Lumpia Shanghai (Filipino spring rolls)
Appetizer, Pork

Lumpiang Shanghai (Filipino Springrolls)

2 comments

Lumpia is a crispy Filipino spring roll made with ground pork, shrimp, and minced veggies. Served with a side of dipping sauce, these spring rolls are an absolute crowd pleaser for your next meal or potluck.

What is lumpia?

Lumpiang shanghai or lumpia, for short, is a Filipino springroll made with primarily pork, shrimp, minced veggies, and seasonings. It’s one of the many dishes influenced by Chinese settlers in the Philippines.

Lumpia Shanghai (Filipino spring rolls)

While very similar to egg rolls, lumpia utilizes not only a different filling, but the pastry used for wrapping is also thinner, and almost crepe-like. The resulting spring roll is light and crispy, perfect for encasing the juicy pork filling inside.

It’s also typically served with a sauce of some sort. My personal favorite is a sweet chilli sauce, which you can either purchase from the grocery store or make your own at home. Some also like dipping theirs in vinegar-based sauces, or even banana ketchup.

Lumpia Shanghai (Filipino spring rolls)

Lumpia is almost always guaranteed to be at any Filipino gathering since they’re small, crispy, and overall a crowd pleaser. I’ve honestly had way too much of these growing up, and I’d groan at the sight of seeing them everywhere! Now that I’m older, and after seeing all the time and care it takes to make these spring rolls, I’ve learned to appreciate them a bit more and it’s become one of my go-to items to bring for potlucks.

This recipe makes approximately 70-75 spring rolls, so you’ll be covered if you plan on bringing this to your get-togethers. If not, simply pop the rest into your freezer and you can conveniently fry it whenever you get a craving for future eats.

Lumpia Shanghai (Filipino spring rolls)

Lumpia Variations

Lumpia is an umbrella term for many variations of spring rolls in the Philippines. That’s why, technically, it’s more appropriate to call this particular recipe lumpiang shanghai. Despite the name, this version of lumpia did not originate from the city of Shanghai, but it was rather thought to have been named after it.

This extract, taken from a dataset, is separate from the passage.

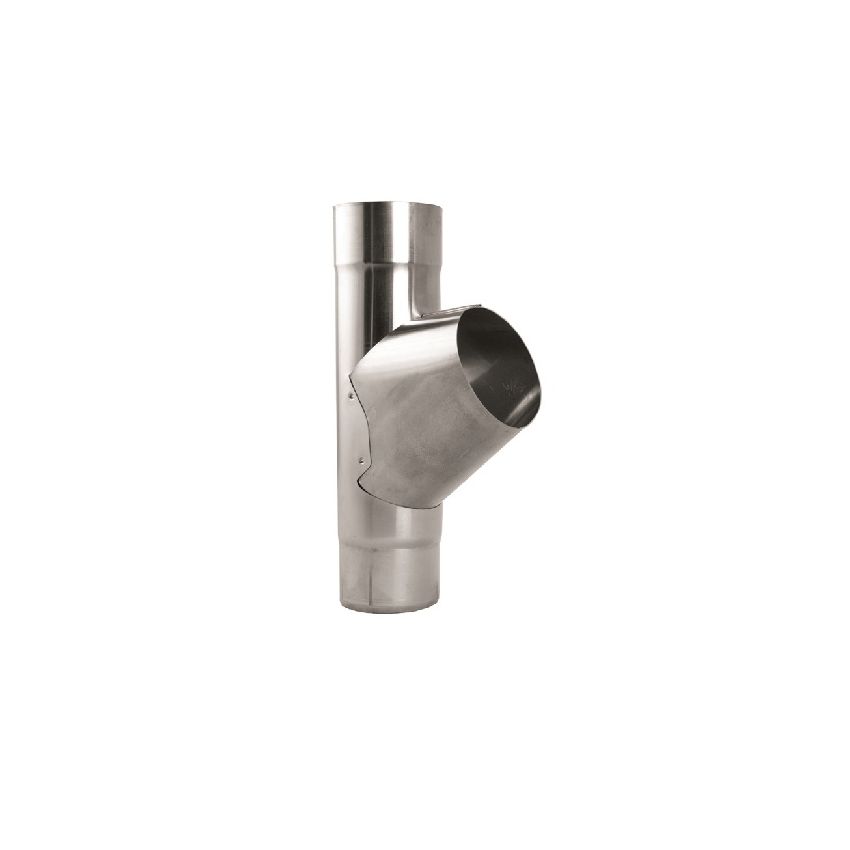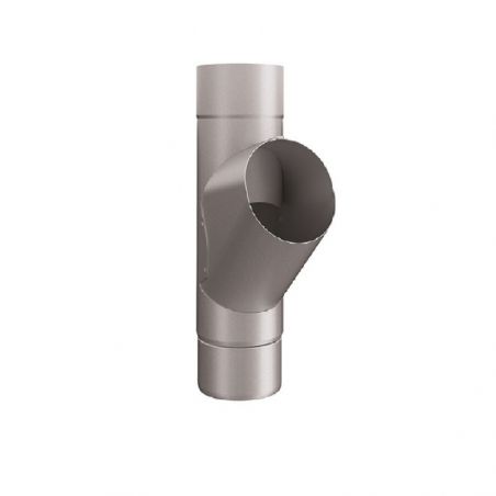 Round Steel Downpipe Branch available in Magnesium Coated Galvanised (Magestic).  Plus a choice of eleven high-build polyester paint finishes. More information available at www.steelgutteringcentre.co.uk

Other versions you’ll most commonly find in the Philippines include:

  • Dynamite Lumpia (dinamita): These are chili peppers stuffed with ground meat and cheese, all rolled into a lumpia wrapper to resemble a dynamite stick. Serve this one in particular with beer or some other fizzy drink for a great appetizer.
  • Fresh Lumpia (lumpiang sariwa): Like the name suggests, this version of lumpia doesn’t require deep frying at all. Sautéd vegetables and meat/seafood are encased in a Filipino-style crepe, and it’s typically accompanied with a thick, peanut based sauce for dipping.
  • Banana Lumpia (turon): A sub-variant of lumpia, turon consists of Filipino bananas and jackfruit that are rolled in brown sugar, wrapped in lumpia wrapping, and deep fried until golden and caramelized. It’s a delicious snack or dessert, and so dangerous since I can probably eat 10 of these in one sitting.

How to Roll Lumpia

If you’re not already familiar with how to roll spring rolls, it’s becomes very easy after some repetition:

Instructions

In a large bowl, combine together all the ingredients for the filling. Take a teaspoon of the filling and microwave for about 20-30 seconds until fully cooked-through and give it a taste. Adjust and season the filling to your preference, if desired.

To roll (visual instructions are above), add about 1 tablespoon of the filling onto your spring roll wrapper and shape it into a log. Fold the bottom corner upwards to cover filling, then fold the left and right-hand corners to the center.

To finish, tightly roll upwards, making sure to keep the lumpia tight and cylindrical so it doesn’t unravel. At about 1-2 inches from the top, spread a small amount of the cornstarch-water mixture to help seal the lumpia. Continue this same process for the rest of the remaining filling.

Fry the lumpia in batches for about 5-6 minutes, or until the filling is fully cooked-through and the outside is golden.

Let cool on a wire rack. Enjoy with a side of sweet chili sauce.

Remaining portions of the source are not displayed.